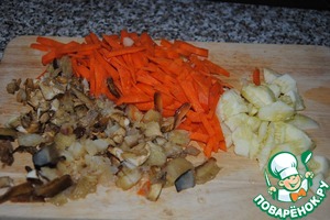 Начинка. Лук мелко порезать, морковь соломкой и пассировать в оливковом масле до прозрачности лука, затем добавить грибы, посолить, поперчить и в самом конце добавить порубленный чеснок.
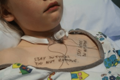 "Stay" sutures- They are placed with new tracheostomies as a way to open airway cartilage should the trach fall out.
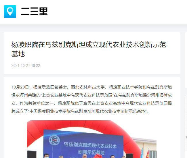 10月20日,杨凌示范区管委会、西北农林科技大学、杨凌职业技术学院和乌兹别克斯坦锡尔河州共建的“上合农业基地中乌现代农业科技示范园”在乌兹别克斯坦锡尔河州揭牌成立。作为共建单位之一,杨凌职院也于当天在上合农业基地中乌现代农业科技示范园揭牌成立了“中国杨凌职业技术学院乌兹别克斯坦现代农业技术创新示范基地”。
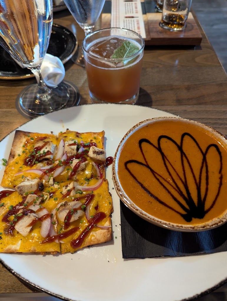 For $10 I got a lovely, crispy, flavorful flatbread and a bowl of some of the best red pepper soup I've ever had? Uh, yeah, I think I like this place. Drinks are top-tier, atmosphere is cozy and inviting, service is wonderful. Love it!
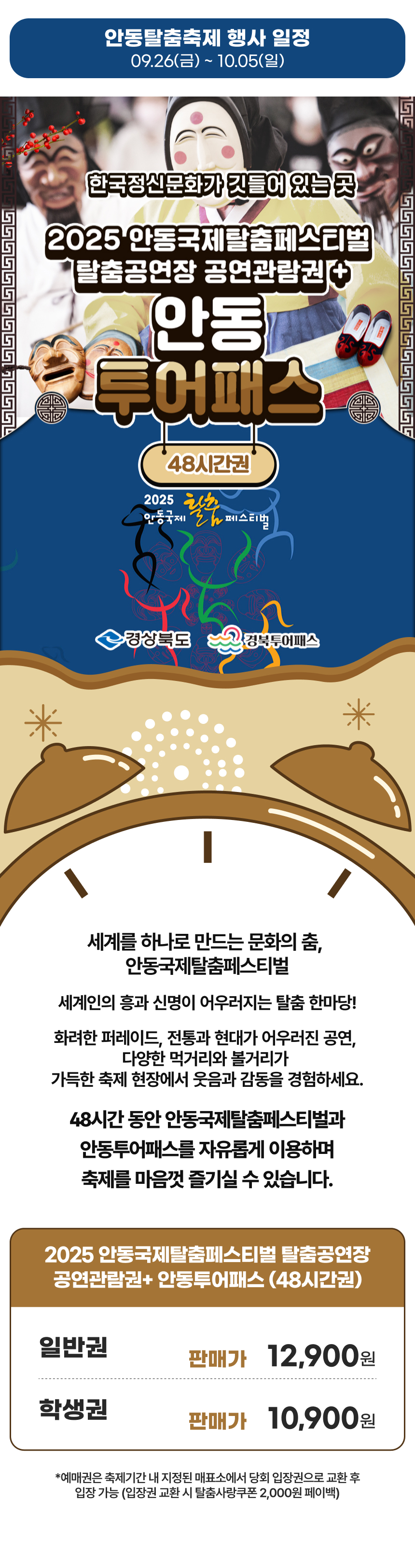 | 1. 구성 상품 | 안동투어패스+2025 국제탈춤축제 공연관람권 PKG | 2. 제조사 | (주)엘에스컴퍼니 |
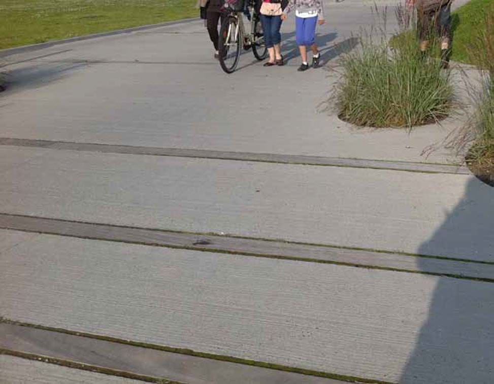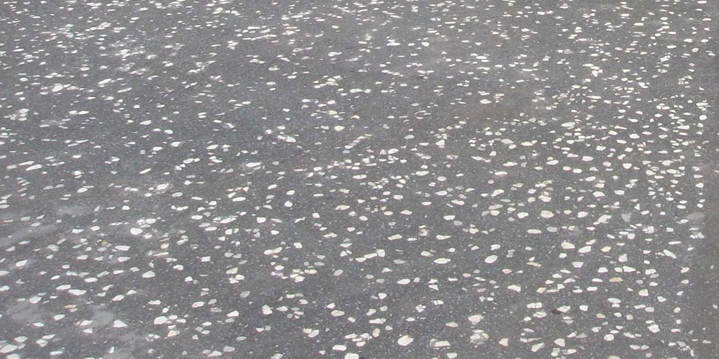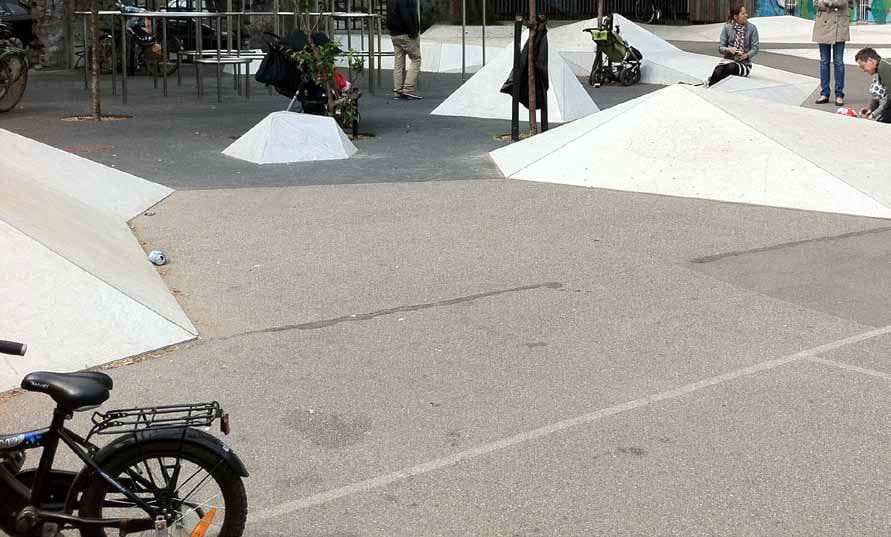 Her er vist asfalt med "isbjerge". For at fremme leg og bevægelse kan en del af den faste belægning også erstattes af gummi ved legepladser
■ ■ ■
ASSIGNMENT » After locating the line that contains "제조사 | (주)엘에스컴퍼니 |", output it and all later lines through the end of the material exactly, leaving out pictures.

ANSWER TO THE EXERCISE »
 | 1. 구성 상품 | 안동투어패스+2025 국제탈춤축제 공연관람권 PKG | 2. 제조사 | (주)엘에스컴퍼니 |
 Her er vist asfalt med "isbjerge". For at fremme leg og bevægelse kan en del af den faste belægning også erstattes af gummi ved legepladser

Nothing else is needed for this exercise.